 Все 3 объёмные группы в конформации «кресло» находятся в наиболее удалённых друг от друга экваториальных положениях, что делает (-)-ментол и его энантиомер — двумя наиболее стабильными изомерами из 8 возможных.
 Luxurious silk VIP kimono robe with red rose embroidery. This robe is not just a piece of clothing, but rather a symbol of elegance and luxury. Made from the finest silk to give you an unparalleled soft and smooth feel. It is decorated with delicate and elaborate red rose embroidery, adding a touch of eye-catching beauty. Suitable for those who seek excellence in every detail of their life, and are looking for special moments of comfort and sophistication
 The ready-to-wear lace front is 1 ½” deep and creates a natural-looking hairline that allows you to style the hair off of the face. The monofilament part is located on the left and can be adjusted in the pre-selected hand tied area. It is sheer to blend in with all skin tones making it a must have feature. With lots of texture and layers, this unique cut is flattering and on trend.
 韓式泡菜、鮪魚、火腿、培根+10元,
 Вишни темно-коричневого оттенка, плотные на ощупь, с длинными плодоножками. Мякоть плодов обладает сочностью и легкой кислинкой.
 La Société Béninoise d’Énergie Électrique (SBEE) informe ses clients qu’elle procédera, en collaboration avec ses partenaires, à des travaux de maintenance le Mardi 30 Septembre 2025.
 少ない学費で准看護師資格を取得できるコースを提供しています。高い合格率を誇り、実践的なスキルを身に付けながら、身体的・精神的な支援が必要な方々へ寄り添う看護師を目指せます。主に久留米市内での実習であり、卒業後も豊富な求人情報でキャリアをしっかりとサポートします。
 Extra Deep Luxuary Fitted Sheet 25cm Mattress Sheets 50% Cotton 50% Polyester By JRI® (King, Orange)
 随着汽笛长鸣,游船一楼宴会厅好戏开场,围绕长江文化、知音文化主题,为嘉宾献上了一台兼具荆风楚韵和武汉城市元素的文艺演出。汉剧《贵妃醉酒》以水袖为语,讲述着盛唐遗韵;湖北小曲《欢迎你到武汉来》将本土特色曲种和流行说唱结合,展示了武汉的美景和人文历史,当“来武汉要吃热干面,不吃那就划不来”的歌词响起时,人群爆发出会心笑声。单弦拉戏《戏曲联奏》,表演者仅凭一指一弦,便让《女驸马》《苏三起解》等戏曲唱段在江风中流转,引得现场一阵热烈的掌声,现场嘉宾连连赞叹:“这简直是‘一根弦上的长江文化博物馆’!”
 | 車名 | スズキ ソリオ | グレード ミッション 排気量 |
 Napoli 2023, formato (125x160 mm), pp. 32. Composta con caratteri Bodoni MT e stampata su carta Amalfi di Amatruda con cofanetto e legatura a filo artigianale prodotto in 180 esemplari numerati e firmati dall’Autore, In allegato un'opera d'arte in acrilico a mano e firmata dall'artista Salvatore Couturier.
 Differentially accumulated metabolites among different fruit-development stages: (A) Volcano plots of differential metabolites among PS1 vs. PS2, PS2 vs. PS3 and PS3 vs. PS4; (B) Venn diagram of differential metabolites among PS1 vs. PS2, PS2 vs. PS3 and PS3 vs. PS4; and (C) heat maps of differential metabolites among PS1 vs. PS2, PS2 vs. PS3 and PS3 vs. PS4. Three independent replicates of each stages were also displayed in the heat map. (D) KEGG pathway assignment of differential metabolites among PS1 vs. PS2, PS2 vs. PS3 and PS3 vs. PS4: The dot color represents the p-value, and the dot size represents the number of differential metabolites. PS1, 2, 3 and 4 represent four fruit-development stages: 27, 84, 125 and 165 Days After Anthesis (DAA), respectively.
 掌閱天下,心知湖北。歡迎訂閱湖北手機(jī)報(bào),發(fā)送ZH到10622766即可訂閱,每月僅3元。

+ + + + +

*EXERCISE*
Write the line containing "Вишни темно-коричневого оттенка, плотные" and all the lines after it out again, word for word, through the end of the material, and nothing besides.

*RESPONSE FOR THIS EXERCISE*
 Вишни темно-коричневого оттенка, плотные на ощупь, с длинными плодоножками. Мякоть плодов обладает сочностью и легкой кислинкой.
 La Société Béninoise d’Énergie Électrique (SBEE) informe ses clients qu’elle procédera, en collaboration avec ses partenaires, à des travaux de maintenance le Mardi 30 Septembre 2025.
 少ない学費で准看護師資格を取得できるコースを提供しています。高い合格率を誇り、実践的なスキルを身に付けながら、身体的・精神的な支援が必要な方々へ寄り添う看護師を目指せます。主に久留米市内での実習であり、卒業後も豊富な求人情報でキャリアをしっかりとサポートします。
 Extra Deep Luxuary Fitted Sheet 25cm Mattress Sheets 50% Cotton 50% Polyester By JRI® (King, Orange)
 随着汽笛长鸣,游船一楼宴会厅好戏开场,围绕长江文化、知音文化主题,为嘉宾献上了一台兼具荆风楚韵和武汉城市元素的文艺演出。汉剧《贵妃醉酒》以水袖为语,讲述着盛唐遗韵;湖北小曲《欢迎你到武汉来》将本土特色曲种和流行说唱结合,展示了武汉的美景和人文历史,当“来武汉要吃热干面,不吃那就划不来”的歌词响起时,人群爆发出会心笑声。单弦拉戏《戏曲联奏》,表演者仅凭一指一弦,便让《女驸马》《苏三起解》等戏曲唱段在江风中流转,引得现场一阵热烈的掌声,现场嘉宾连连赞叹:“这简直是‘一根弦上的长江文化博物馆’!”
 | 車名 | スズキ ソリオ | グレード ミッション 排気量 |
 Napoli 2023, formato (125x160 mm), pp. 32. Composta con caratteri Bodoni MT e stampata su carta Amalfi di Amatruda con cofanetto e legatura a filo artigianale prodotto in 180 esemplari numerati e firmati dall’Autore, In allegato un'opera d'arte in acrilico a mano e firmata dall'artista Salvatore Couturier.
 Differentially accumulated metabolites among different fruit-development stages: (A) Volcano plots of differential metabolites among PS1 vs. PS2, PS2 vs. PS3 and PS3 vs. PS4; (B) Venn diagram of differential metabolites among PS1 vs. PS2, PS2 vs. PS3 and PS3 vs. PS4; and (C) heat maps of differential metabolites among PS1 vs. PS2, PS2 vs. PS3 and PS3 vs. PS4. Three independent replicates of each stages were also displayed in the heat map. (D) KEGG pathway assignment of differential metabolites among PS1 vs. PS2, PS2 vs. PS3 and PS3 vs. PS4: The dot color represents the p-value, and the dot size represents the number of differential metabolites. PS1, 2, 3 and 4 represent four fruit-development stages: 27, 84, 125 and 165 Days After Anthesis (DAA), respectively.
 掌閱天下,心知湖北。歡迎訂閱湖北手機(jī)報(bào),發(fā)送ZH到10622766即可訂閱,每月僅3元。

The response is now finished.